За свадебным поездом следовало войско, с ружьями, с пиками, с саблями.
Едва одно шествие миновало, пошло новое, разодетое в пух и прах, и опять же с целым войском. То был торжественный въезд послов польского короля Гонсевского и Олесницкого.
— Что-то больно их много… — засомневались москвичи, и тотчас люди Василия Шуйского принялись разносить слушок:
— Послы-то приехали не так себе! За Маринкиным приданым. Дмитрий отдает Литве русскую землю по самый Можайск.
20
Князь Василий Иванович Шуйский встретился с князьями Иваном Семеновичем Куракиным да Василием Васильевичем Голицыным. Встретились в Торговых рядах, в махонькой церковке.
— Бедный обманутый народ верит проклятому расстриге, — начал Шуйский.
— Как народу не верить, когда правдолюбы на кресте клялись, что царевич истинный, — рассердился Куракин.
— Мы для того здесь, чтоб забыть друг другу старое, — сказал Голицын.

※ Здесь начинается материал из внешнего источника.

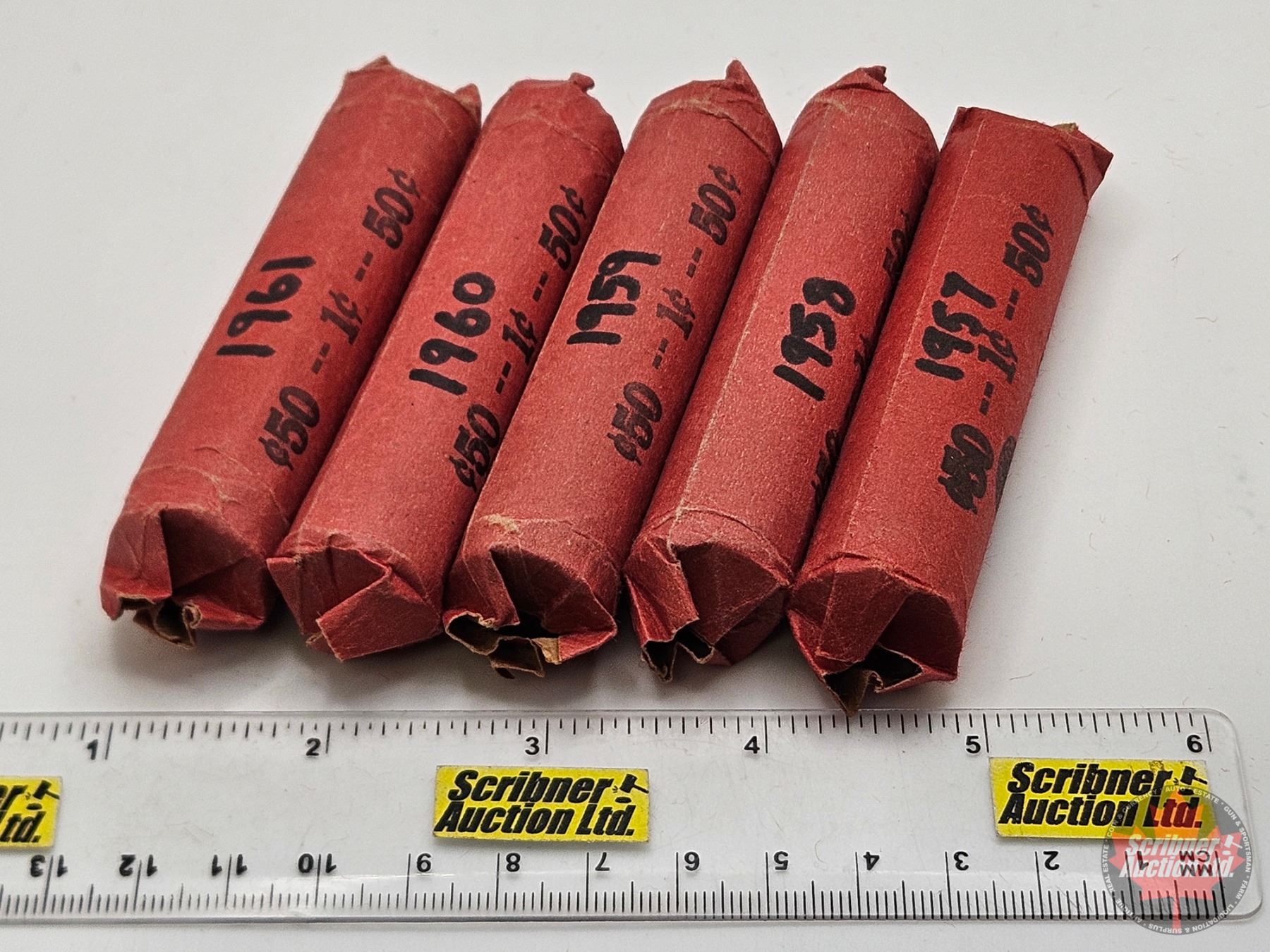 Canada One Cent Rolls (5) : 1957; 1958; 1959; 1960; 1961 (250 Coins)

— Истинно, истинно! — воскликнул Шуйский. — Поклянемся быть вместе, покуда не свергнем проклятого расстригу.
— Этой клятвы мало, — не согласился Голицын. — Дадим обет — не мстить за обиды, за прежние козни, коли кто из нас в царях будет.
Шуйский первым наклонился над распятием, лежащим на алтаре, поцеловал.
— Даю обет не мстить, не обижать, коли Бог в мою сторону поглядит. Даю обет — править царством по общему совету, общим согласием…
Голицын и Куракин повторили клятву.
Троекратное истовое целование завершило тайный сговор.
Глубокой ночью дом Василия Шуйского наполнился людьми. Были его братья Иван и Дмитрий, племяш Михаил Васильевич Скопин-Шуйский, был боярин Борис Петрович Татев и только что возвращенный из ссылки думный дворянин Михаил Игнатьевич Татищев, были дворяне Иван Безобразов, Валуев, Воейков, стрелецкие сотники, пятидесятники, игумны, протопопы.
Столы даже скатертями не застелили — не до еды, не до питья.
Князь Василий вышел к своим поздним гостям, держа в руках Пеалтырь, открыл, прочитал:
— «Господи, услыши молитву мою, и вопль мой к Тебе да приидет. Не отврати лица Твоего от меня. В день скорби моей приклони ко мне ухо Твое. В день, когда призову Тебя, скоро услышь меня. Яко исчезли яко дым дни мои, и кости мои обожжены яко головня».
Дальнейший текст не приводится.